Design of microring resonators integrated with 2D graphene oxide films for four-wave mixing

TL;DR

This paper theoretically analyzes and optimizes four-wave mixing in microring resonators integrated with graphene oxide films, achieving significant efficiency enhancements through parameter tuning and highlighting the potential for improved nonlinear optical devices.

Contribution

It introduces a detailed theoretical framework for FWM in GO-coated MRRs and demonstrates optimized device parameters for maximum efficiency improvement.

Findings

Achieved ~18.6 dB FWM conversion efficiency enhancement.

Optimized device parameters for balancing nonlinearity and loss.

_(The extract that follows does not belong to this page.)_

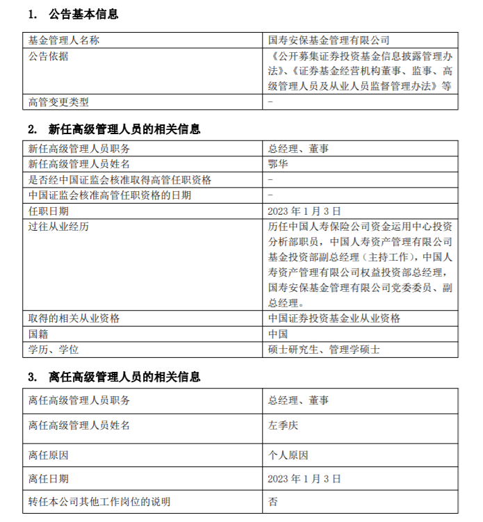 新年伊始,又有公募管理人的高管发生了变更。 1月4日,国寿安保基金发布高级管理人员变更公告,自1月3日起,左季庆离任国寿安保基金总经理、董事职务,由鄂华任公司总经理、董事。

Provided insights into effects of GO film and MRR parameters on FWM performance.

Abstract

We theoretically investigate and optimize the performance of four-wave mixing (FWM) in microring resonators (MRRs) integrated with two-dimensional (2D) layered graphene oxide (GO) films. Owing to the interaction between the MRRs and the highly nonlinear GO films as well as to the resonant enhancement effect, the FWM efficiency in GO-coated MRRs can be significantly improved. Based on previous experiments, we perform detailed analysis for the influence of the GO film parameters and MRR coupling strength on the FWM conversion efficiency (CE) of the hybrid MRRs. By optimizing the device parameters to balance the trade-off between the Kerr nonlinearity and loss, we achieve a high CE enhancement of ~18.6 dB relative to the uncoated MRR, which is ~8.3 dB higher than previous experimental results. The influence of photo-thermal changes in the GO films as well as variations in the MRR parameters such as the ring radius and waveguide dispersion on the FWM performance is also discussed. These results highlight the significantly improved FWM performance that can be achieved in MRRs incorporating GO films and provide a guide for optimizing their FWM performance.